EunahYang - Bioinformatics Pathway

Week 3 [July 20th - July 26th]

concise overview of things learned:
technical area

  • Learned what the batch correction is, and how to build a model matrix for batch correction
  • Understanding various quality control/normalization techniques
  • Compare before/after each action, and figure out the effectiveness of the normalization, batch correction
  • Labeling and plotting the PCA plot, box plot, heatmap
  • Convert an object to desired class object and use those to the appropriate function
  • How to deal with memory issue when placing/processing datasets

tools

  • R, R studio
  • Stemaway forum
  • Github/Stack overflow/ Google: To get help

soft skills

  • Communicate with my team to solve the problem via Stemaway forum
  • Finish deliverables a day before the deadline and compare the results with teammates

three achievements:

  • Learned how model matrix works and what format should they have, and made model matrix with the help from Anya
  • Successfully contacted with my teammates, and corrected my heatmap with the help of Xuewen - plenty of communication!
  • Answered one question on Stemaway forum

list of meetings attended including team events:

  • 7/20 team meeting
  • 7/23 Office Hour
    I wanted to participate in the happy hour, but it was pretty late to me, and I was really tired to stay up till 5 am. I will try to be at the happy hour this week.

goals for upcoming week:

  • Manage my task done before the office hours and use OH to get more help
  • Communicate with teammates on slack and get to know each other more!
  • Try to attend the happy hour!
  • Start new deliverables earlier than the last week
  • Use slack as a communication tool

detailed statement of tasks done:

It was my first time programming with raw data, and first time using R as a technical tool. So doing the deliverables by myself was pretty challenging, but glad to finish all four deliverables. I used simpleaffy and affyPLM for quality control, and gcrma for normalization tool. I struggled to plot similar to the example ones. My biggest obstacle on this week was the batch correction. I understood the concept of the batch correction, but no idea how to deal with the functions and model matrix. I searched Github, Stack overflow, Googles, and used Stemaway troubleshooting posts. I learned that the ComBat batch uses a single covariant, and the model matrix should be a vector, not the data frame. So I used the ~factor and c(,) to make the desired model matrix. This was my biggest achievement this week. I plotted the data with PCA and heatmaps. I made tons of mistakes and errors doing this week’s deliverables, but happy to finish it with many people’s help.

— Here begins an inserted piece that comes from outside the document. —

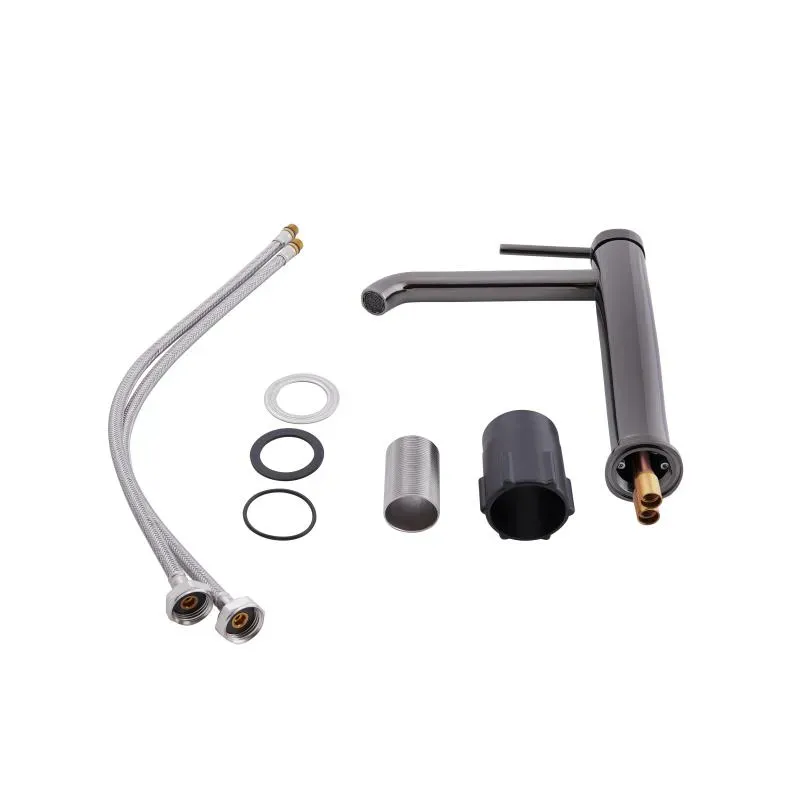 Змішувач для раковини Qtap Robin 1060H102K виконаний у сучасному стилі, виготовлений з високоякісної харчової латуні, яка не схильна до корозії, стійка до ударів та появи тріщин. Глянцеве сіре покриття не тільки підвищує довговічність змішувача, але й надає оригінальному зовнішньому вигляду. Інтенсивність водного потоку та температура регулюються за допомогою переміщення важеля. Підключення води відбувається через гнучкі шланги з діаметром 1/2".

Week 4 [July 27th – Aug 2nd]
// This post will be revised after the tag suggestions post for BI pathway is uploaded //

Overview of things I learned:

Technical area:

  • Understand the concept of gene filtering
  • Know how limma works for differential gene expression analysis

Tools:

  • R, R studio, Slack, Stemaway forum

Soft skills:

  • Frank conversation with my personal status and keep in loop with works within my given circumstances
  • Discussion of interpreting the volcano plot and figure out which genes upregulated in colorectal cancer group
  • Making hypothesis after analyzing the data plots and reading the papers related to our datasets

Achievement highlights:

  • First time using Slack for real-time team communications

  • Set hypothesis with analyzed data and papers
    CEMIP and FOXQ1 was upregulated in colorectal cancer(CRC) group, but the usage of those genes in CRC cells were unknown. I read the original paper where our datasets originate, and searched additional papers related to those gene locus. And set hypothesis that CEMP and FOXQ1 have properties of common tumorigenesis and malignancy.

  • Discussed about the Cultural Competence in Micro-Away Presentation
    My personal experience of cultural diversity

List of meetings attended including team events:

  • Jul/27/2020 team meeting
  • Jul/28/2020 team presentation
  • Jul/29/2020: BI GitHub Webinar

Goals for upcoming week:

  • Make suitable & stable workspace for coding (I’ve struggled to code because of the laptop hardware problems)
  • Review the week 4 deliverables (Annotation, Gene filtering, Limma)
  • Understand precisely what variable what I am using, and how it looks lilke
  • Interpret the data for my own analysis
  • Attend the happy hour

Detailed statements of tasks done:
This week my laptop was dead and R studio was crashed, so not be able to go through the deliverables this week. But tried to keep up with the conversations, analysis, and preparing presentation. We discussed of interpreting the resulted plots and figured out which genes are differentially expressed in cancer cells. The significantly upregulated genes on CRC cells are CEMIP and FOXQ1 for our team (with gcrma normalization), and set those as further analysis target. We made hypothesis that CEMIP and FOXQ1 will have key role or at least useful as markers for tumor genesis. I serached CEMIP and FOXQ1 on journals, but there were few details about the mechanism of those genes. So we wrapped up that those genes may promote angiogenesis, participate in sending anti-apoptosis signal, may co-upregulated with cell proliferation marker, and related to cell morphological change.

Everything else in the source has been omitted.